Bleah - you are using a complex data structure, MapMaker, with several features (map access, concurrency-friendly access, deferred construction of values, etc) because of a single feature you are after (deferred creation of a single construction-expensive object).
While reusing code is a good goal, this approach adds additional overhead and complexity. In addition, it misleads future maintainers when they see a map data structure there into thinking that there's a map of keys/values in there when there is really only 1 thing (list of countries). Simplicity, readability, and clarity are key to future maintainability.
Is there other way to do it? How can i make it better? Should i look for totally another solution in this cases?
Seems like you are after lazy-loading. Look at solutions to other SO lazy-loading questions. For example, this one covers the classic double-check approach (make sure you are using Java 1.5 or later):
How to solve the "Double-Checked Locking is Broken" Declaration in Java?
Rather than just simply repeat the solution code here, I think it is useful to read the discussion about lazy loading via double-check there to grow your knowledge base. (sorry if that comes off as pompous - just trying teach to fish rather than feed blah blah blah ...)
There is a library out there (from atlassian) - one of the util classes called LazyReference. LazyReference is a reference to an object that can be lazily created (on first get). it is guarenteed thread safe, and the init is also guarenteed to only occur once - if two threads calls get() at the same time, one thread will compute, the other thread will block wait.
see a sample code:
final LazyReference<MyObject> ref = new LazyReference() {
protected MyObject create() throws Exception {
// Do some useful object construction here
return new MyObject();
}
};
//thread1
MyObject myObject = ref.get();
//thread2
MyObject myObject = ref.get();
This looks ok to me (I assume MapMaker is from google collections?) Ideally you wouldn't need to use a Map because you don't really have keys but as the implementation is hidden from any callers I don't see this as a big deal.
This is way to simple to use the ComputingMap stuff.

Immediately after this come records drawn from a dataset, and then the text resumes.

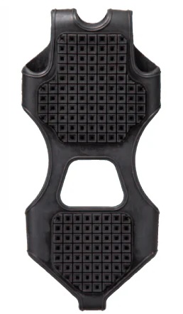 柔らかい特殊ゴムと階段状の意匠により、氷・雪で凹凸がある路面や大理石のようなツルッとした床でもしっかりと接地します。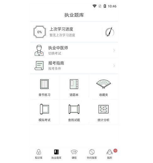 1、打开中医通APP,在主界面中找到并点击【执业题库】图标,进入题库功能页面。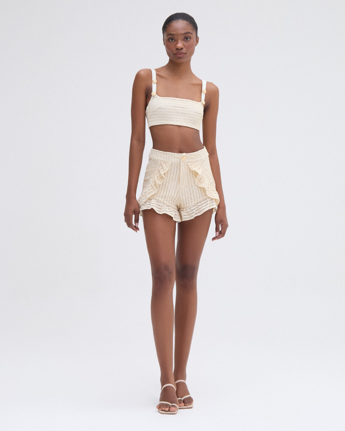 This knit bikini top features a square neckline and bandeau-type fit with button detail along the medium-thick straps. Back clasp closure.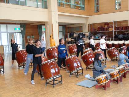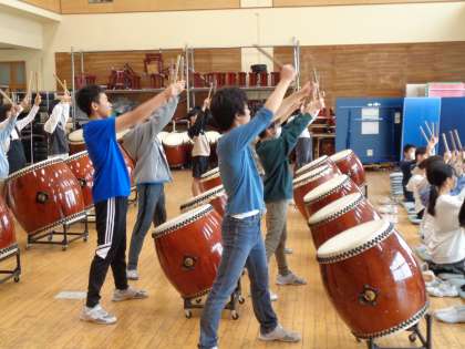 全校による「太鼓げんキッズ」のあと、先生をお招きして、6年生の太鼓指導をしていただきました。「卒業に向けて、がんばりましょう」と話され、子供たちの意欲がより高まりました。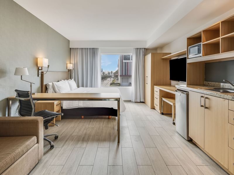 Siéntete como en casa en este espacioso Loft, donde tendrás lo que requieres para ser productivo. Aprovecha la amplitud de este espacioso Loft para cumplir tu objetivos. El ambiente es cálido y el mobiliario, cómodo y funcional. Prepárate para descansar profundamente en la suave cama King Size o revisa tus objetivos en un amplio escritorio de trabajo con lámpara y silla ejecutiva. Disfruta de nuestro room service o utiliza la cocineta que incluye horno de microondas, frigobar y antecomedor. Haz una pausa, transmite tu serie favorita desde tu dispositivo a la pantalla de TV, toma un baño o recuéstate en el confortable sillón.

You only need a dead simple implementation where all methods are synchronized, and you should be fine. This will obviously block the first thread hitting it (getting it), and any other thread hitting it while the first thread loads the cache (and the same again if anyone calls the invalidateCache thing - where you also should decide whether the invalidateCache should load the cache anew, or just null it out, letting the first attempt at getting it again block), but then all threads should go through nicely.

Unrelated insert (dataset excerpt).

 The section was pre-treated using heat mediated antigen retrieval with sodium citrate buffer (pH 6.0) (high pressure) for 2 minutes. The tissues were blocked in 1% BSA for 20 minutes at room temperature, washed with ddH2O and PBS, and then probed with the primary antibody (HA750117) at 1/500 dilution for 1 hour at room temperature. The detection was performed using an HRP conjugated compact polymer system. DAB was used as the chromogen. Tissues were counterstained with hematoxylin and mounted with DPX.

Use the Initialization on demand holder idiom
public class CountryList {
private CountryList() {}
private static class CountryListHolder {
static final List<Country> INSTANCE = new List<Country>();
}
public static List<Country> getInstance() {
return CountryListHolder.INSTANCE;
}
...
}
Follow up to Mike's solution above. My comment didn't format as expected... :(
Watch out for synchronization issues in operationB, especially since load() is slow:
public String operationB() {
if (!loaded) {
load();
loaded = true;
}
//Do whatever.
return whatever;
}
You could fix it this way:
public String operationB() {
synchronized(loaded) {
if (!loaded) {
load();
loaded = true;
}
}
//Do whatever.
return whatever;
}
Make sure you ALWAYS synchronize on every access to the loaded variable.